▸ **Instructions for the task**
Restate the listing below word for word, and leave its pictures behind.
┄┄┄┄┄┄┄┄┄┄
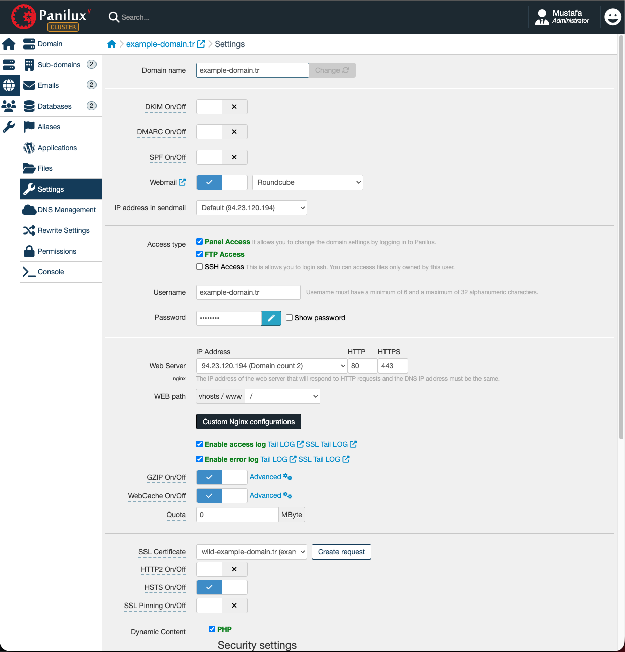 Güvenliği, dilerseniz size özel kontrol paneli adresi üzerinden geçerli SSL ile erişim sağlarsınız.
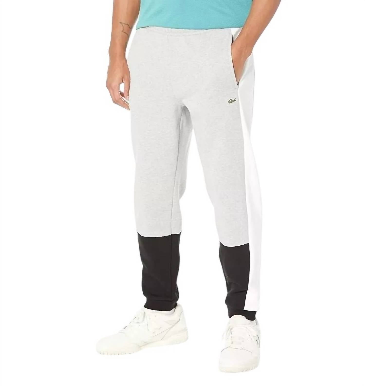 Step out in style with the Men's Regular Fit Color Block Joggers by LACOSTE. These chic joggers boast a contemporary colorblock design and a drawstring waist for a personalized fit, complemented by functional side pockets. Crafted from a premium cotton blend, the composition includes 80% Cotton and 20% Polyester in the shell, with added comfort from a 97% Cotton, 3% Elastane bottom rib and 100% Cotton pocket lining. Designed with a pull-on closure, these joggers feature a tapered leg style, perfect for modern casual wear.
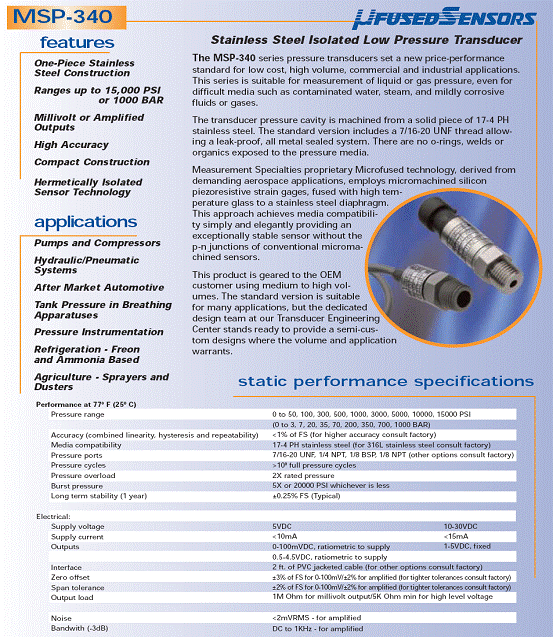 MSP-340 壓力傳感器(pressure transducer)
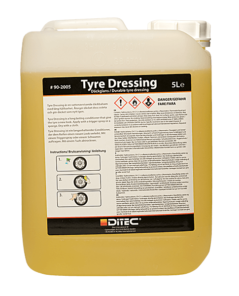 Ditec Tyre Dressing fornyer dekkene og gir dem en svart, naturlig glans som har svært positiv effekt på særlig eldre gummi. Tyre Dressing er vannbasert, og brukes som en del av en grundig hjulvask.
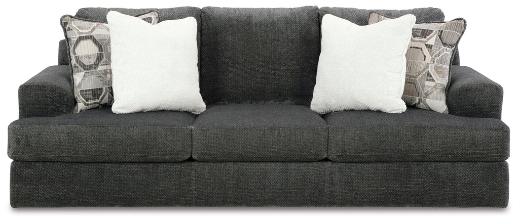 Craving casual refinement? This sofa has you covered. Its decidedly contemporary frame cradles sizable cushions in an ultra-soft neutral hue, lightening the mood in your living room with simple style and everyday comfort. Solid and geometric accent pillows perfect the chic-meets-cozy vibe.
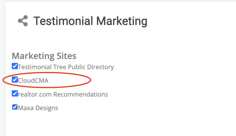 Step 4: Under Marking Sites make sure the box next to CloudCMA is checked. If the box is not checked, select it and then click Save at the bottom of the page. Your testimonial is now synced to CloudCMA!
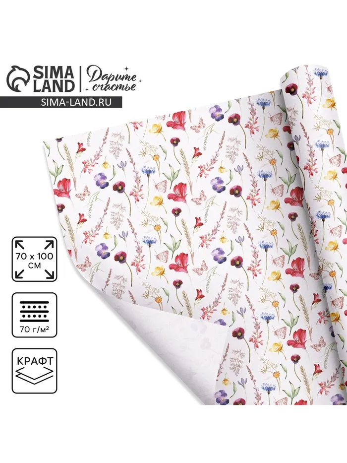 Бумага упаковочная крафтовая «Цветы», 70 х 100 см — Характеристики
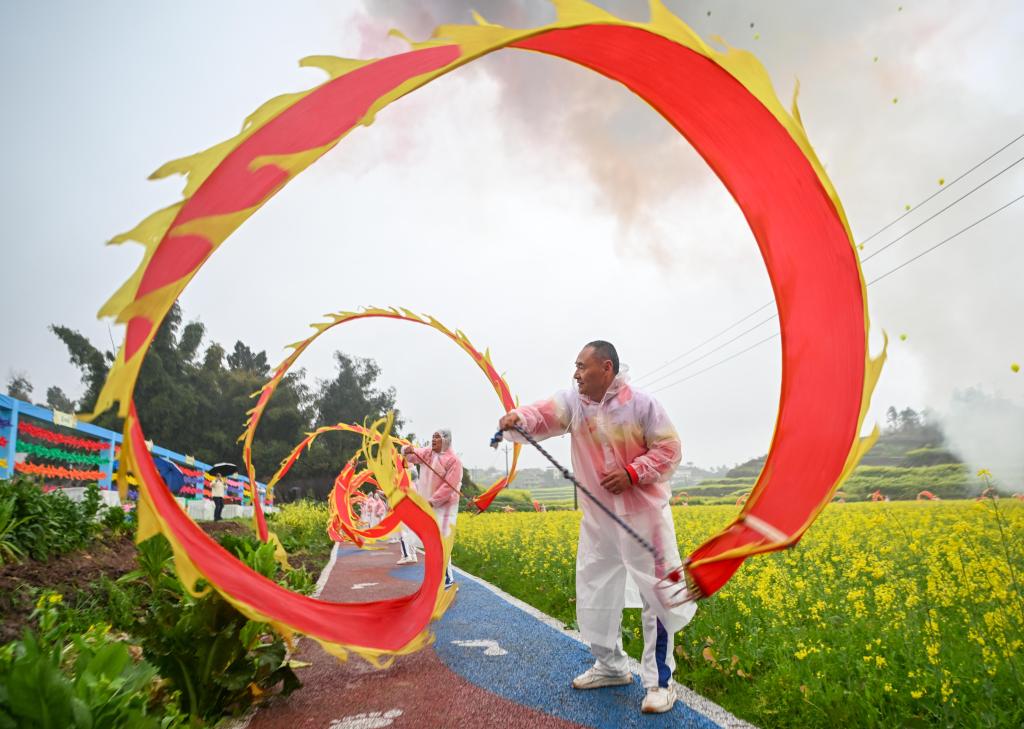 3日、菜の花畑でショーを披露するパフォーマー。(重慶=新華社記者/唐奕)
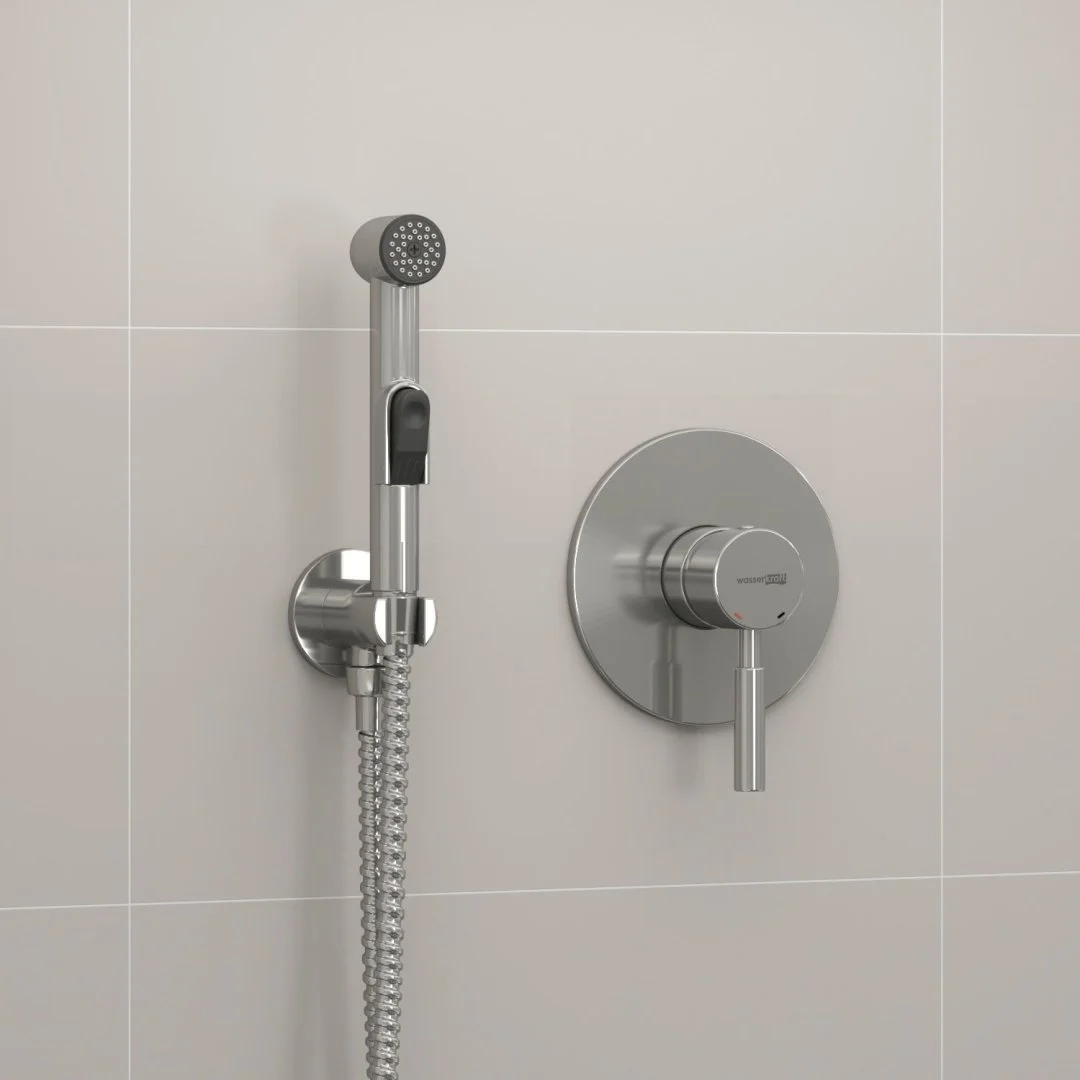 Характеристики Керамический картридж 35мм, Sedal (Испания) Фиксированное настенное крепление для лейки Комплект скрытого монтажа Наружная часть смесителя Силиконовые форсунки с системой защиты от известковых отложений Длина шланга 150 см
┄┄┄┄┄┄┄┄┄┄
▸ **Your solution**
 Güvenliği, dilerseniz size özel kontrol paneli adresi üzerinden geçerli SSL ile erişim sağlarsınız.
 Step out in style with the Men's Regular Fit Color Block Joggers by LACOSTE. These chic joggers boast a contemporary colorblock design and a drawstring waist for a personalized fit, complemented by functional side pockets. Crafted from a premium cotton blend, the composition includes 80% Cotton and 20% Polyester in the shell, with added comfort from a 97% Cotton, 3% Elastane bottom rib and 100% Cotton pocket lining. Designed with a pull-on closure, these joggers feature a tapered leg style, perfect for modern casual wear.
 MSP-340 壓力傳感器(pressure transducer)
 Ditec Tyre Dressing fornyer dekkene og gir dem en svart, naturlig glans som har svært positiv effekt på særlig eldre gummi. Tyre Dressing er vannbasert, og brukes som en del av en grundig hjulvask.
 Craving casual refinement? This sofa has you covered. Its decidedly contemporary frame cradles sizable cushions in an ultra-soft neutral hue, lightening the mood in your living room with simple style and everyday comfort. Solid and geometric accent pillows perfect the chic-meets-cozy vibe.
 Step 4: Under Marking Sites make sure the box next to CloudCMA is checked. If the box is not checked, select it and then click Save at the bottom of the page. Your testimonial is now synced to CloudCMA!
 Бумага упаковочная крафтовая «Цветы», 70 х 100 см — Характеристики
 3日、菜の花畑でショーを披露するパフォーマー。(重慶=新華社記者/唐奕)
 Характеристики Керамический картридж 35мм, Sedal (Испания) Фиксированное настенное крепление для лейки Комплект скрытого монтажа Наружная часть смесителя Силиконовые форсунки с системой защиты от известковых отложений Длина шланга 150 см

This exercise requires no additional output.